═══ Records for processing

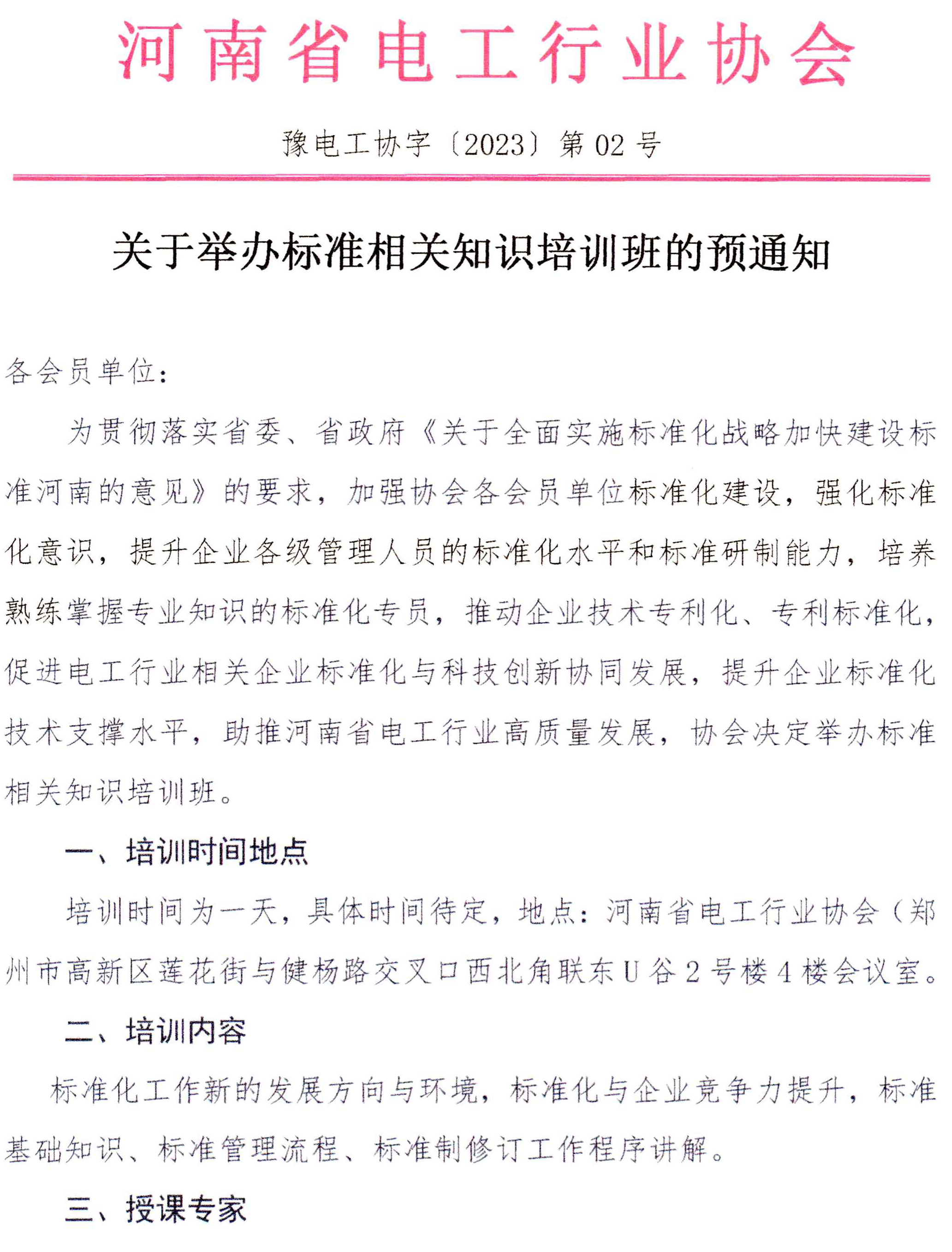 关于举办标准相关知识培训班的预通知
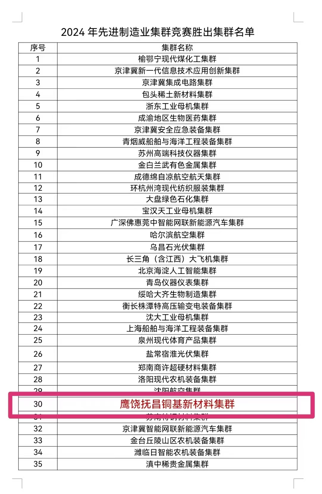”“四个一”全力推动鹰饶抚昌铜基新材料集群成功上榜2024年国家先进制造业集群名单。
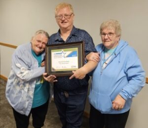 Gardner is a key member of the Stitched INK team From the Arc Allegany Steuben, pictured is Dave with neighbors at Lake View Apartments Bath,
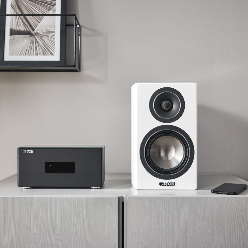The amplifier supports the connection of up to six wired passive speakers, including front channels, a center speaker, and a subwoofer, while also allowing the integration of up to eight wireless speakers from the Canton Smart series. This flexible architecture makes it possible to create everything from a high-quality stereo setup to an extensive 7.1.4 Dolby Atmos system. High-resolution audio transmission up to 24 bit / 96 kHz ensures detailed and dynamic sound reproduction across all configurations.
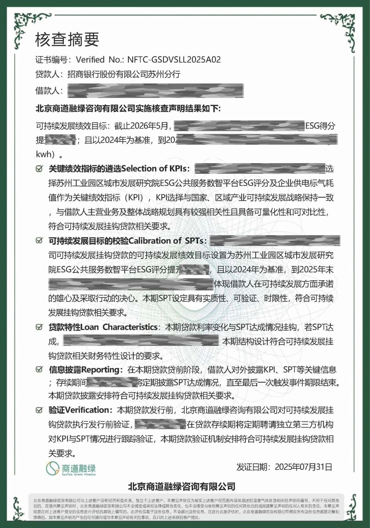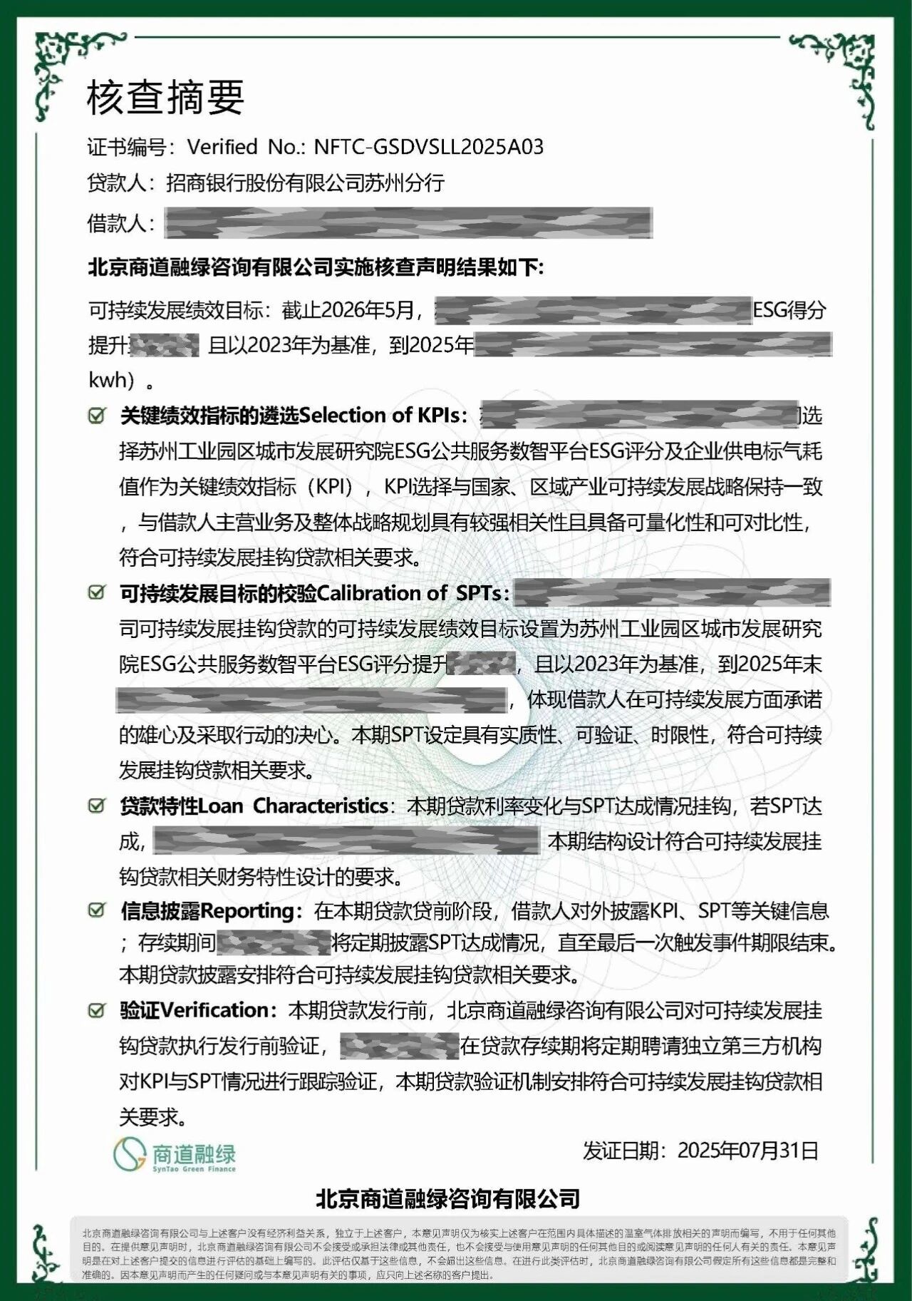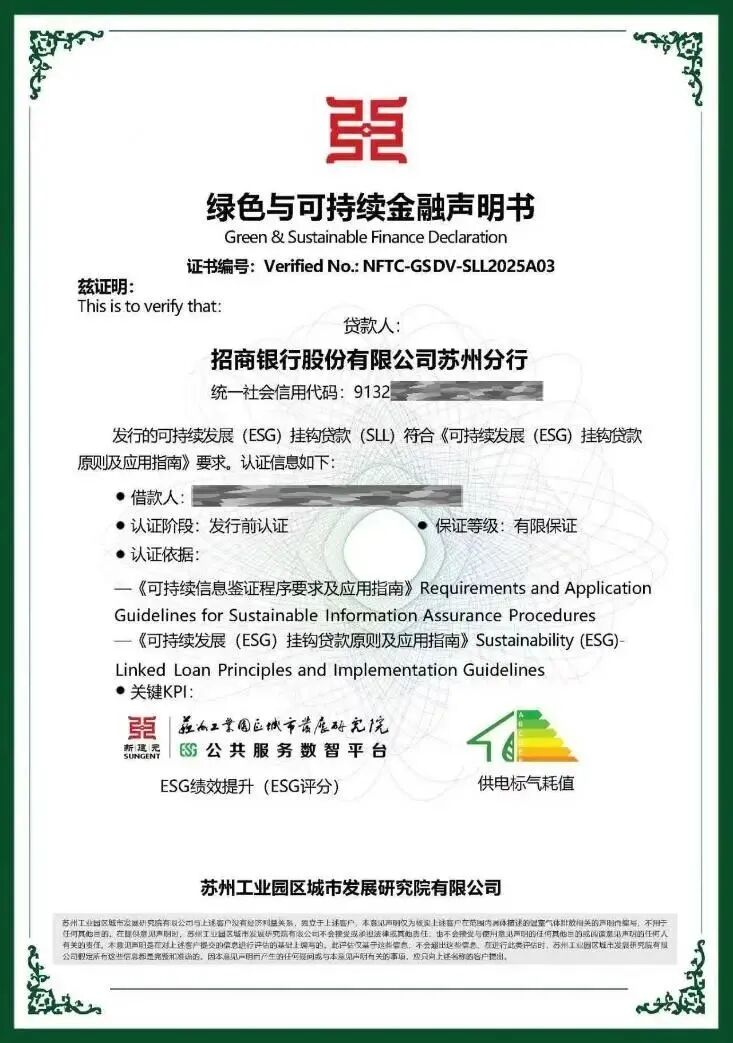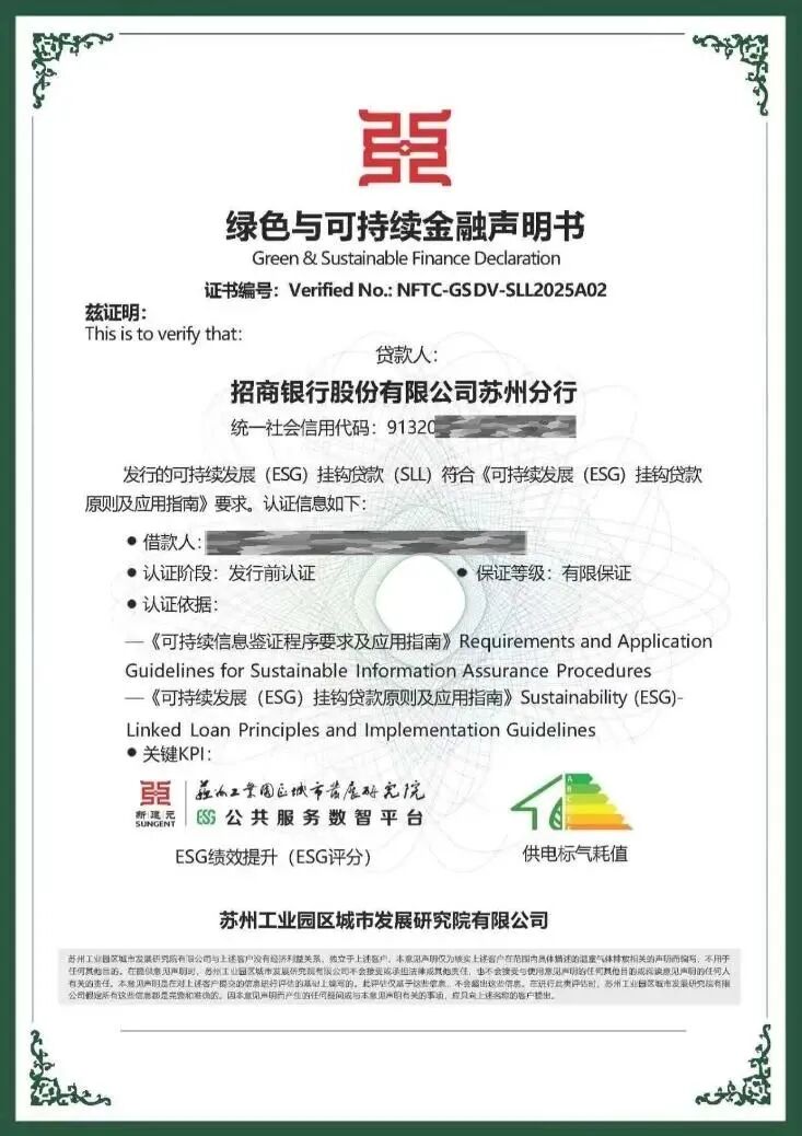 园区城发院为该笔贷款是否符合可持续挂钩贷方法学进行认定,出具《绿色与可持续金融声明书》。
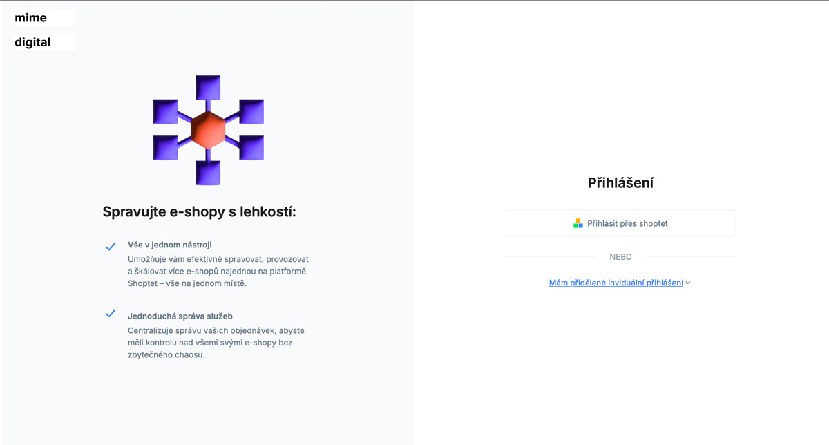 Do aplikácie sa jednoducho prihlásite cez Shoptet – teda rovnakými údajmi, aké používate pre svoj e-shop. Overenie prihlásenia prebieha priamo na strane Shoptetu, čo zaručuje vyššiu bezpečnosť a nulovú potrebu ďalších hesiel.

══════

▸ **What is being asked**: Exact repeats of the lines from the first one in the data through the line containing "Gardner is a" make up the answer. Pictures do not.

▸ **Result for this exercise**:
 关于举办标准相关知识培训班的预通知
”“四个一”全力推动鹰饶抚昌铜基新材料集群成功上榜2024年国家先进制造业集群名单。
 Gardner is a key member of the Stitched INK team From the Arc Allegany Steuben, pictured is Dave with neighbors at Lake View Apartments Bath,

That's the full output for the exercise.